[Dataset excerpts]

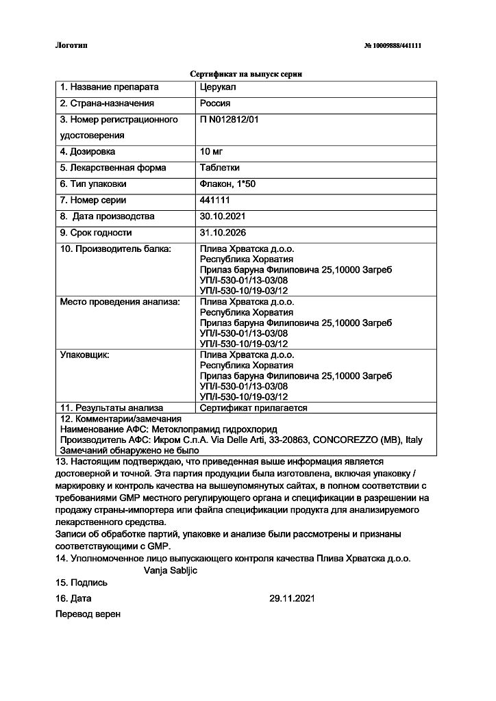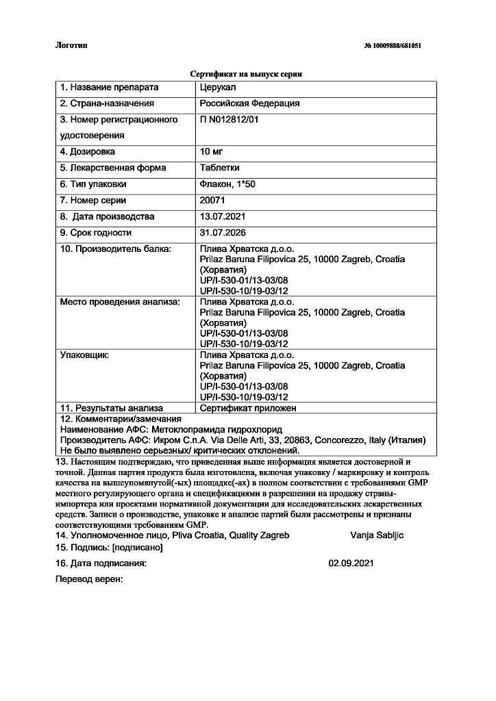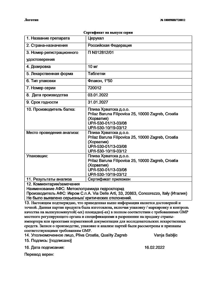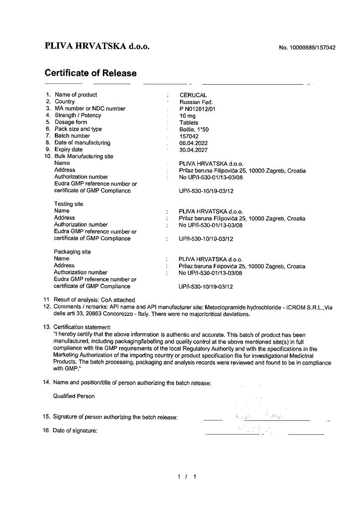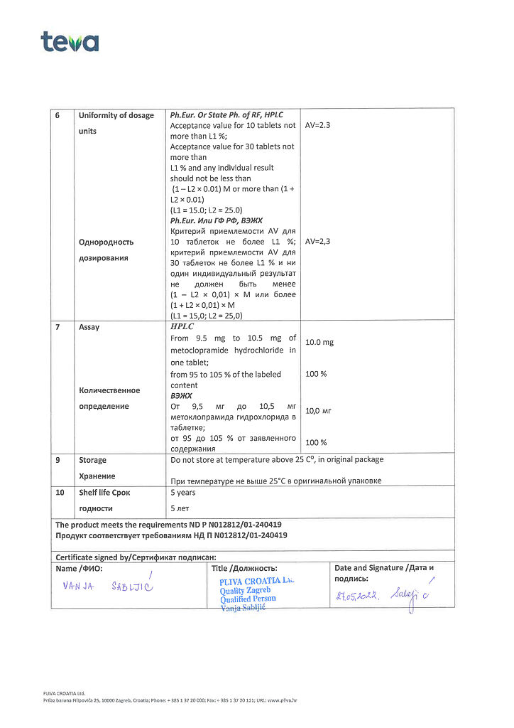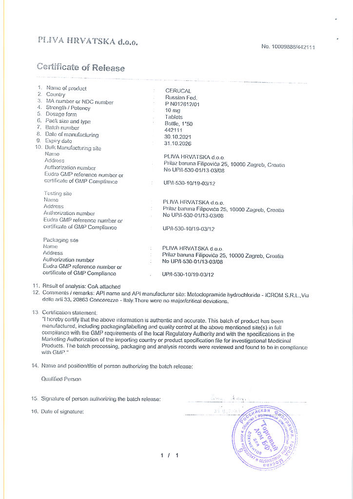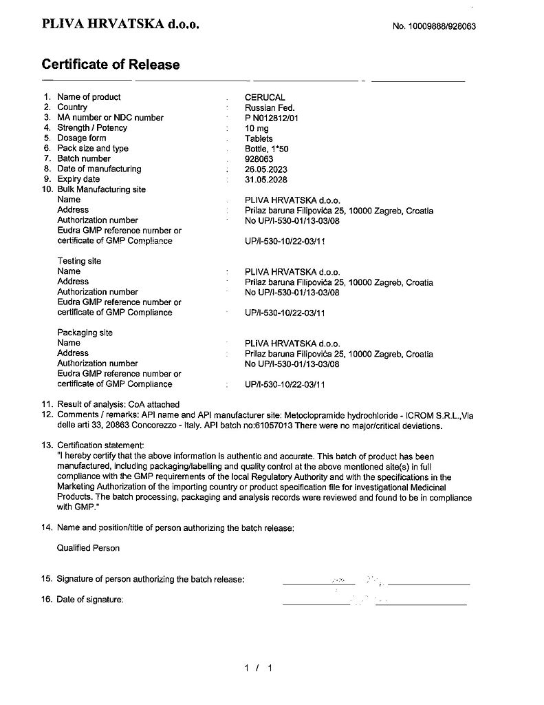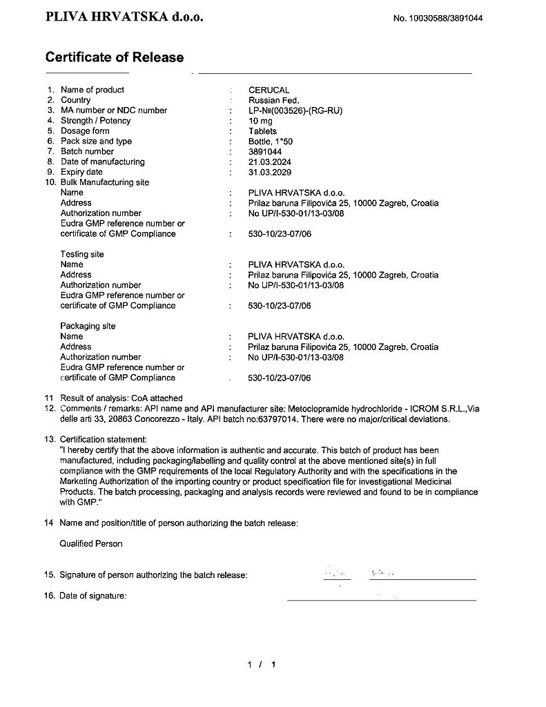 Производитель: Плива Хрватска д.о.о., Хорватия
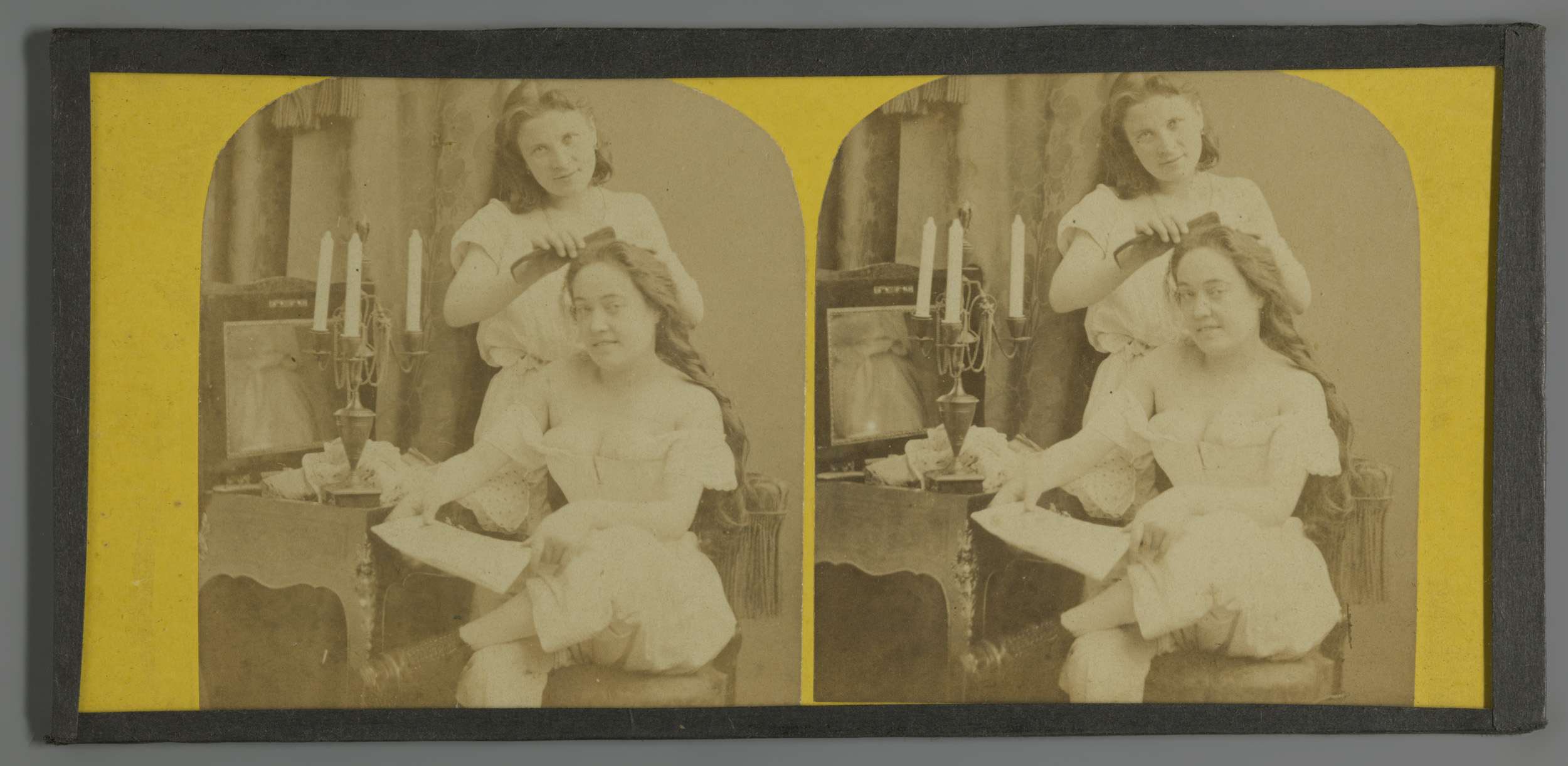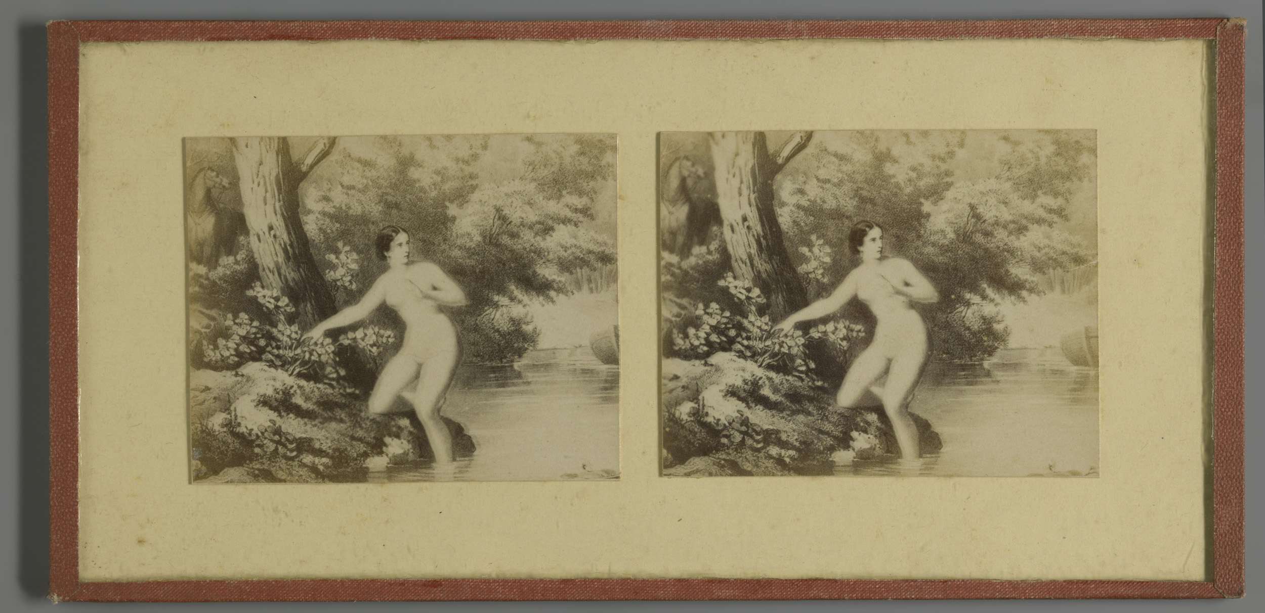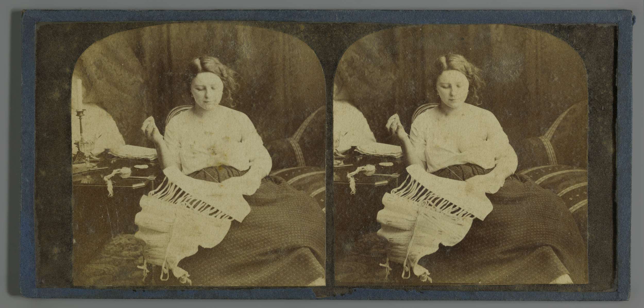 Handwerkende vrouw met half ontbloot bovenlichaam
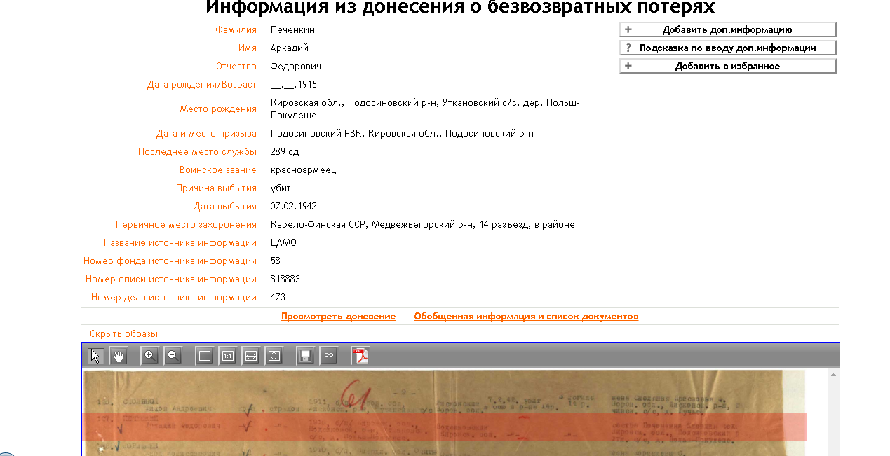 Так вот, вторая половина имени совпадала, а ошибки в написании адреса, учитывая уровень грамотности, тоже можно понять. Тем более что это сводки из Карелии, и для этого региона звучит вполне понятно, с финским акцентом. А когда начала рассматривать лист донесения, при его увеличении вполне неплохо видно имя Аркадий, год рождения совпал, и со слов тети я знала, что он погиб зимой 42 или 43 года. Вот взгляните на Информацию по донесению ОБД Мемориал
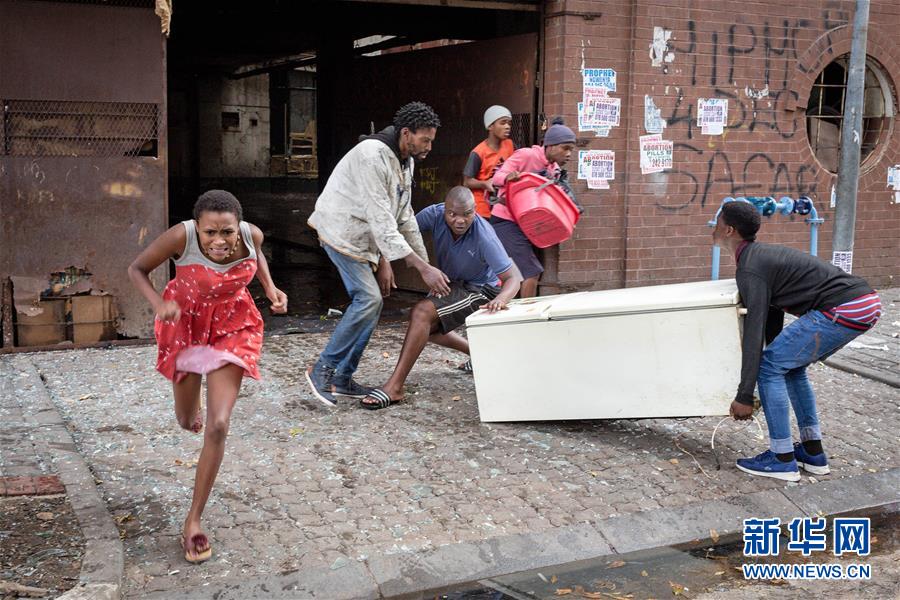 4月16日,在南非约翰内斯堡,居民因突发火灾跑向室外。新华社发(耶希尔摄)
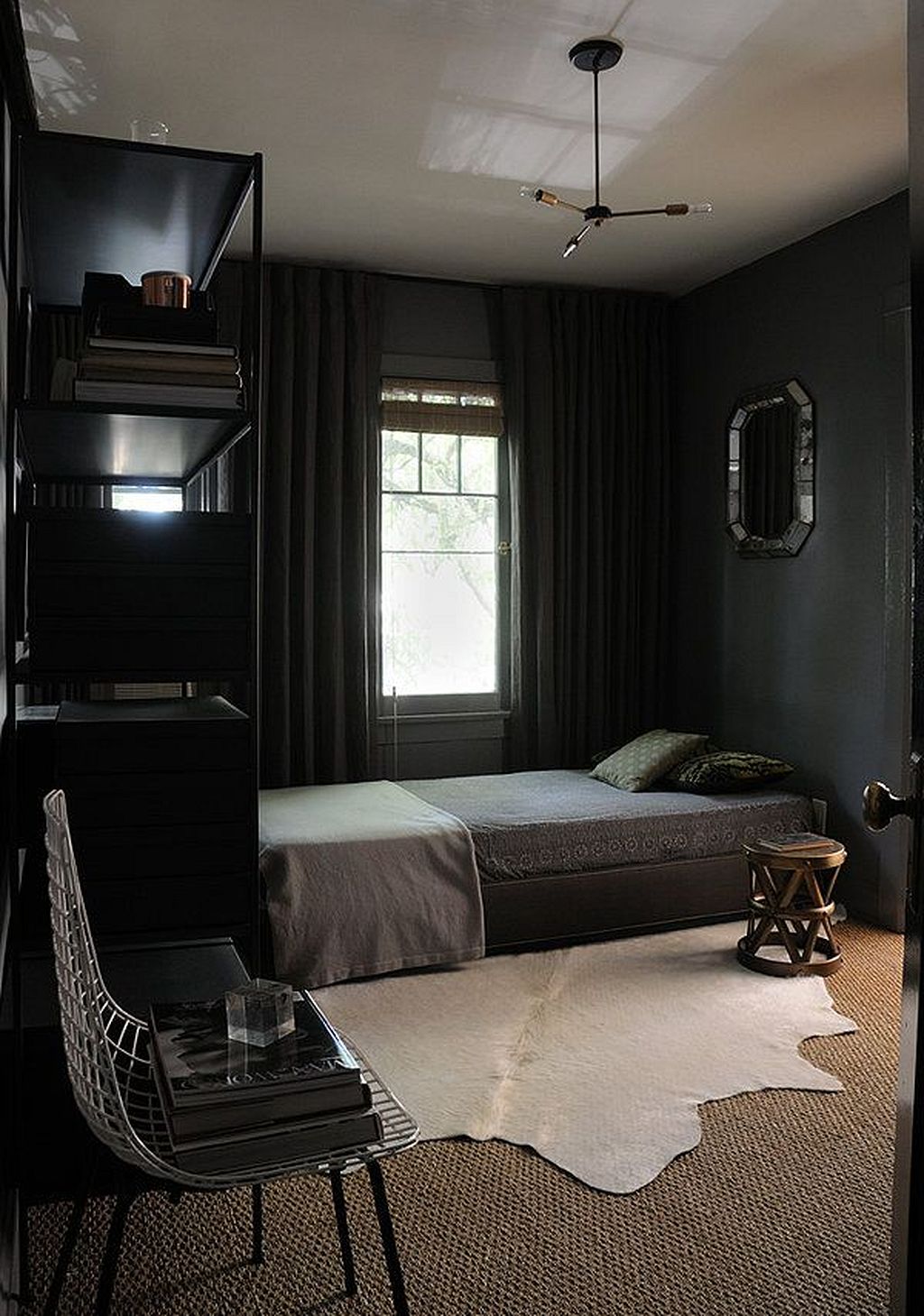 Mobília do quarto não tem necessariamente que escolher cores pretas. É apropriado usar máscaras:

Exercise details →
Repeat the lines above precisely and skip every picture.

Your response →
 Производитель: Плива Хрватска д.о.о., Хорватия
 Handwerkende vrouw met half ontbloot bovenlichaam
 Так вот, вторая половина имени совпадала, а ошибки в написании адреса, учитывая уровень грамотности, тоже можно понять. Тем более что это сводки из Карелии, и для этого региона звучит вполне понятно, с финским акцентом. А когда начала рассматривать лист донесения, при его увеличении вполне неплохо видно имя Аркадий, год рождения совпал, и со слов тети я знала, что он погиб зимой 42 или 43 года. Вот взгляните на Информацию по донесению ОБД Мемориал
 4月16日,在南非约翰内斯堡,居民因突发火灾跑向室外。新华社发(耶希尔摄)
 Mobília do quarto não tem necessariamente que escolher cores pretas. É apropriado usar máscaras:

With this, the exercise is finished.